I will use Raspberry Pi and phone as an UI in Porsche also if that proves to be working combination.


----------



## iruraz (Sep 4, 2012)

Hi Henkka,

It has been a long time since your last entry about your conversion under this topic. 

I have Eltek Powercharger 3000. Can you share the details of how you set it up? For instance, how did you adjust its voltage output with CANbus?


----------



## Henkka (Jan 7, 2012)

Hi,

I have focused to software and BMS design for a while. But transmission was 3D scanned and measurements were taken for adapter plate machining. I have 3D printed an clutch adapter model with our 3D printer and it's looking that it will fit just fine, we'll make from stainless steel.






Also motor has been removed






and batteries are currently in initial balancing (connected in parallel)






.

Our own BMS boards are in revision 2 and have been installed in our test EV-van for about 5 months now and have been running 24/7 since installation.

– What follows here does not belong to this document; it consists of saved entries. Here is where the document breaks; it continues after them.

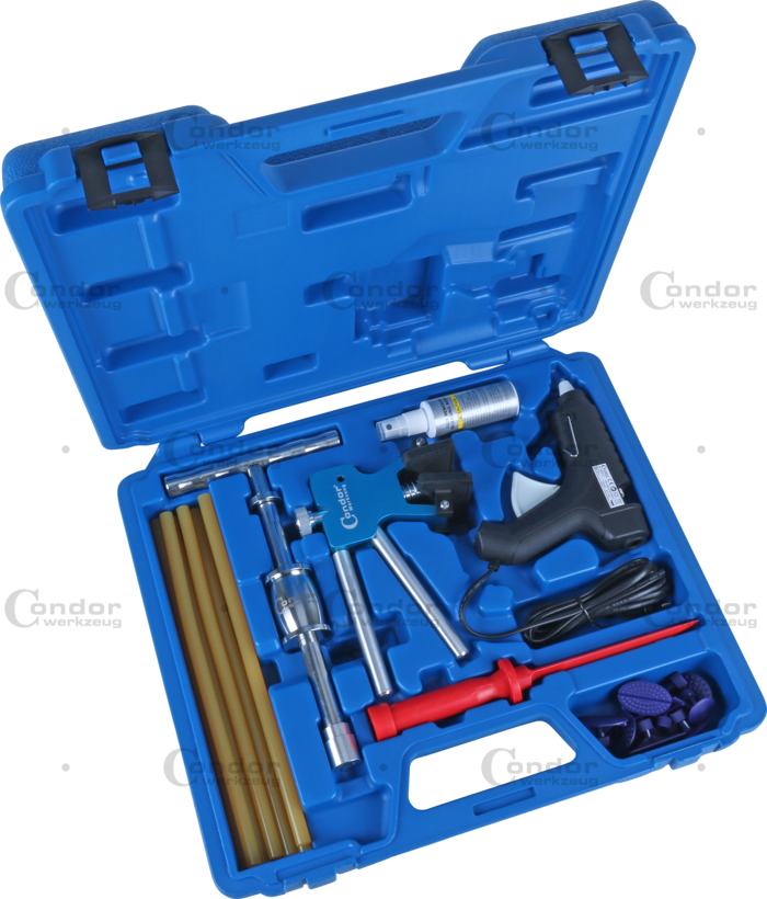 med special buckelutdragningsverktyg , möjliggör mycket skonsam och exakt buckelborttagning: utdragningsmekanismen manövreras genom att pressa ihop två handtag. Verktyget är designat för att ge användaren maximal kontroll över hur mycket kraft som används.
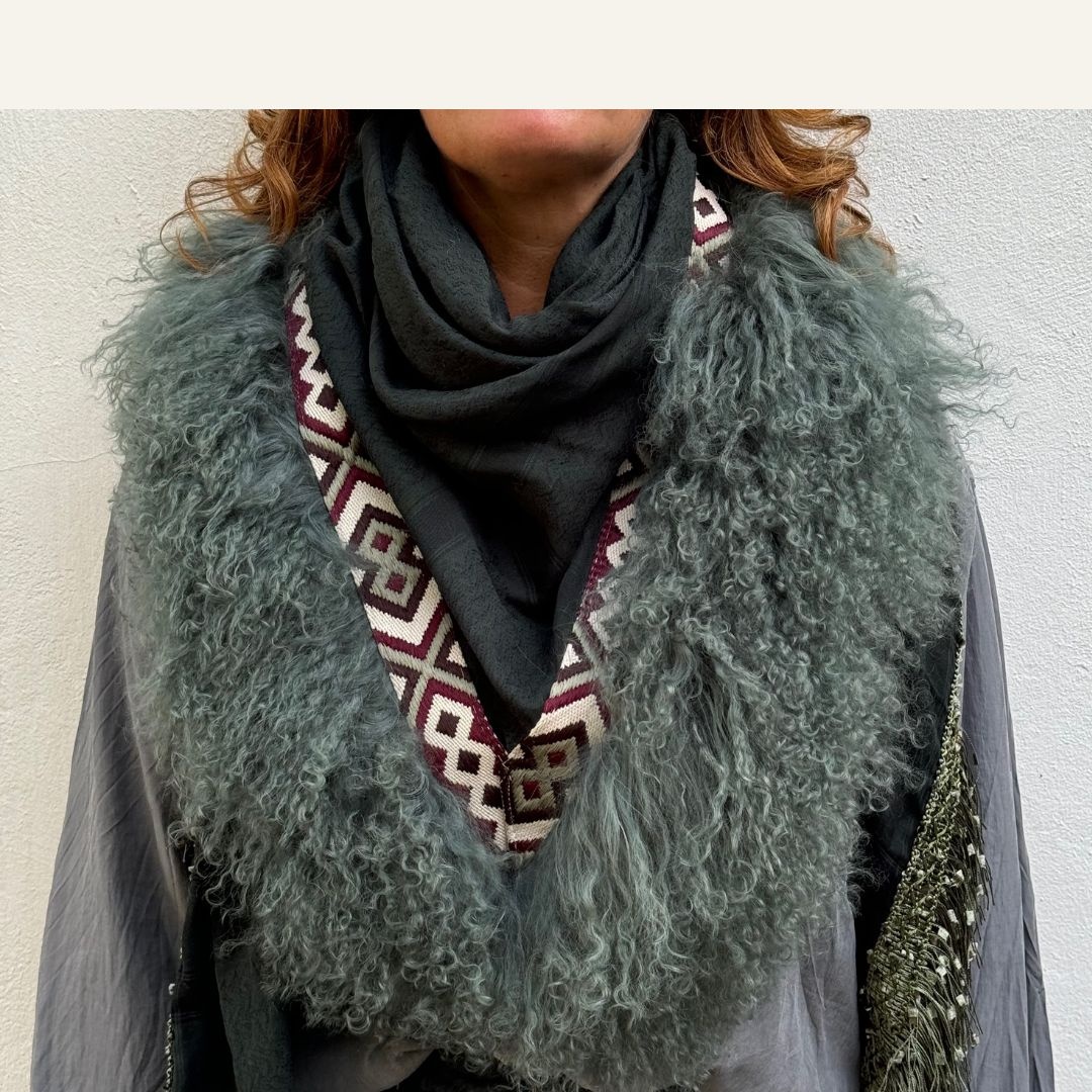 Las bufandas Izuskan están hechas de algodón de la mejor calidad. El algodón está teñido a mano por Izuskan y, en ocasiones, teñido anudado con técnicas especiales. Después de secarse al sol, las bufandas se decoran profusamente con adornos y aplicaciones exclusivos. Estas bufandas están decoradas con tibetlamm 100 % certificado. ¡Las bufandas tienen colores y diseños únicos! El tamaño de esta bufanda es de 140 cm x 140 cm.
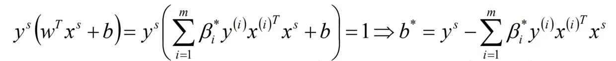 这里的(xs,ys)即__支持向量__,根据KKT条件中的对偶互补条件(松弛条件约束),支持向量必须满足以下公式:
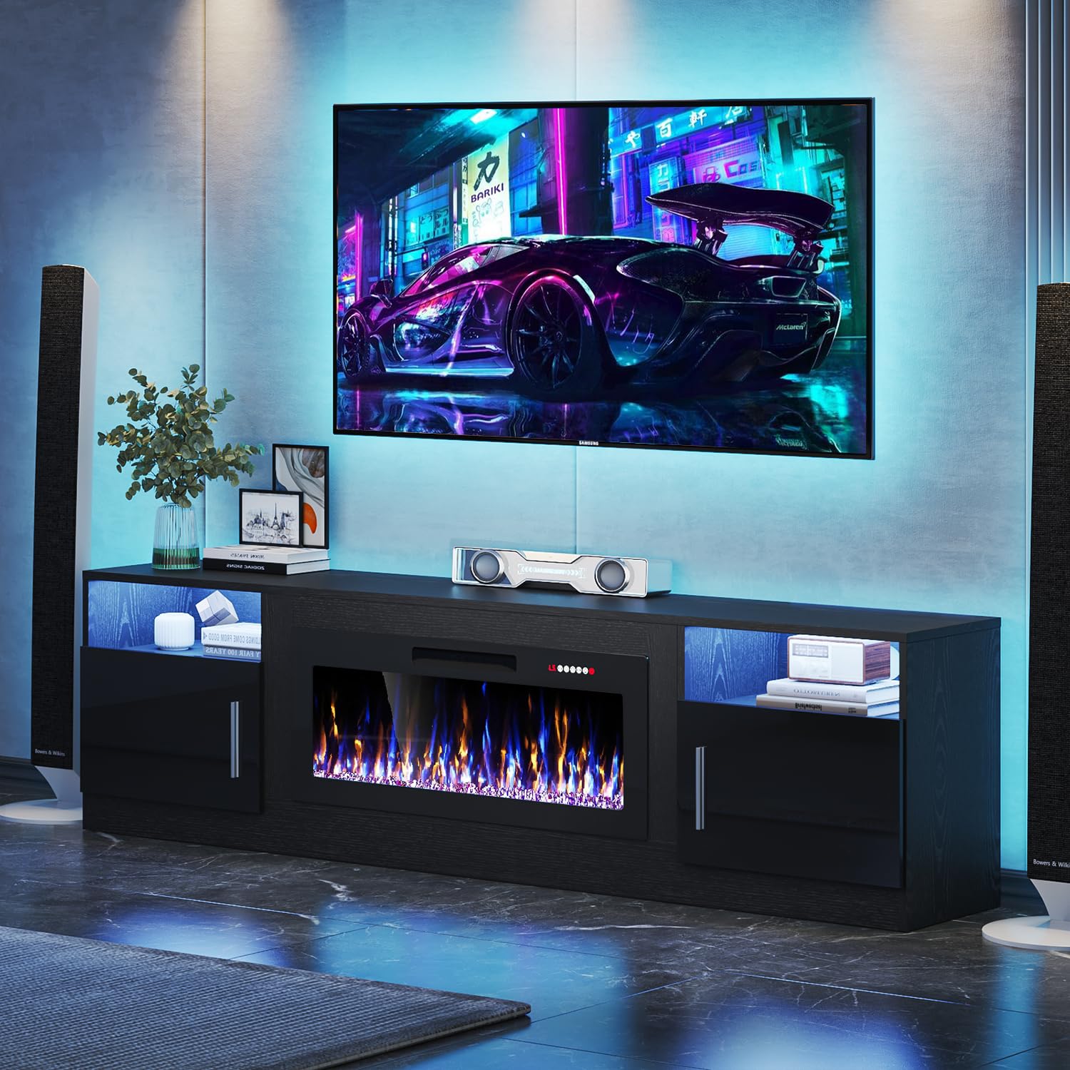 VITESSE Fireplace with TV Stand 36" inch Electric Fireplace Up to 80" TVs, LED Light Entertainment Center, 70" Modern Wood High Gloss with Highlight Storage Cabinet for Living Room (Black)
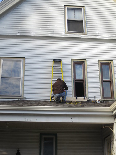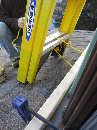 To get there, we just used a 6 foot step-ladder. We tied it to a piece of scrap wood that we clamped through the Green Windows just to keep it from sliding out from under Stefan while he drilled the holes.

No major problems so far.

For Eltek I have made my own small software to IFM PLC-box. I also have some Windows .NET software for controlling it (works with Peak CAN-adapter). What hardware do you have available, I can share my code or make an .exe if needed.

Henkka

Ps. Here is one picture of our .NET software doing some balancing on a small 60Ah pack. It's controlling our new BMS via CAN and a Powerfinn 3kW CAN charger. But easy to use Eltek also with this.


----------



## iruraz (Sep 4, 2012)

Hi Henkka,

So good, you have a big progress.

I have Vector's VN1630 as CAN interface. But I don't have any software to control Eltek's charger. If you share your software with me I would be pleased. And if you know any other software for controlling charger could you please write me? And do you have any document about Eltek charger, especially for controlling?

Regards.


----------



## twright (Aug 20, 2013)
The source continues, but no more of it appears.